It’s all quite a bit dour isn’t it? Don’t get me wrong; First Blood is an action film, but it isn’t a violence film, nor is it really anthemic. Many viewers are shocked when they discover that Rambo here only kills one person, and that this kill is only by accident and in self-defense. The film deals in action and tension, but Rambo isn’t the “hero” here, nor is he the villain. He’s a sympathetic loner being wrestled into submission by a society giving him no choice but to render himself a man of further violence to survive. Through much of the film, Rambo is on the defense – the best sequence is almost out of a slasher, only without gore or kills, as Rambo stalks and takes out his pursuers one by one with terse, angry anxiety.
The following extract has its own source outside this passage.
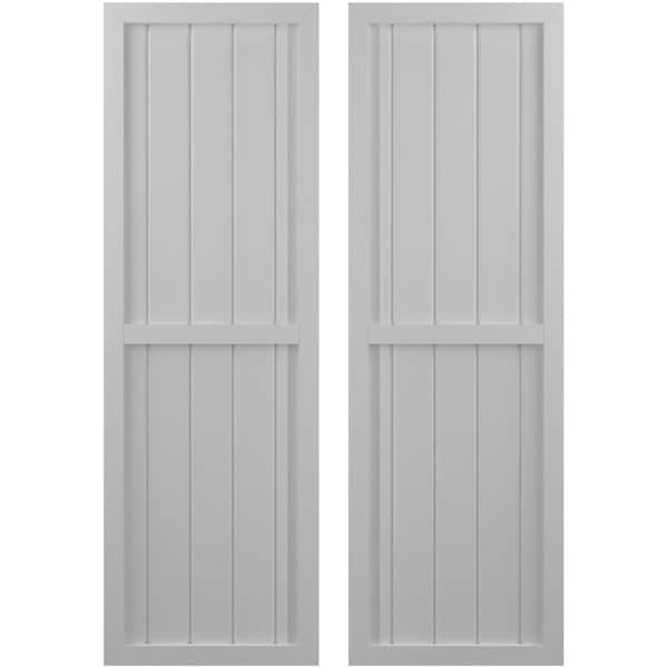Americraft 5-Board Exterior Wood 2 Equal Panel Framed Board-n-Batten Shutters, ARW101BF518X77PRH
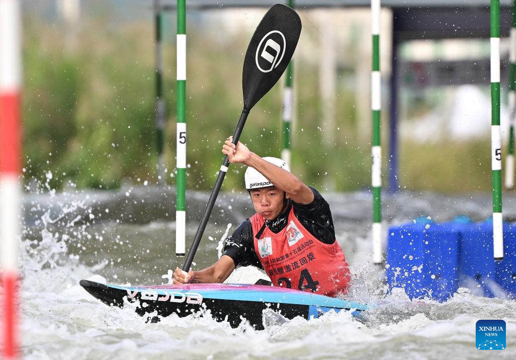 Quan Xin of Fujian competes during the men's kayak single final of canoe slalom at China's 15th National Games in Guangzhou, south China's Guangdong Province, Nov. 13, 2025. (Xinhua/Tang Yi)

It’s efficient, effective filmmaking, but it isn’t per-se triumphant.
Which brings us to something far more important than the conventional “he doesn’t kill anyone” bit: how the whole thing is directed and edited to appear melancholy and ragged rather than exciting. Apparently people do find it anthemic from time to time, but how anyone could miss the destructively tired quality of the film is beyond me; it’s all steeped with a knowing desperation brought on by the plight of veterans and the continued tension between counterculture figures and the US moral authority. As the film goes on, we connect with Rambo, but we become increasingly doubtful of his, and our, chances. It is this dark, unnerving sense of desperation which gives the film its affect, and which marks it as wholly different than any future film in the series. It also marks the film, released in 1982, as one of the last gasps of the New Hollywood cinema of the ’70s, on its death throes in the early ’80s and soon to give way to the grander, more upbeat populist filmmaking of the ’80s.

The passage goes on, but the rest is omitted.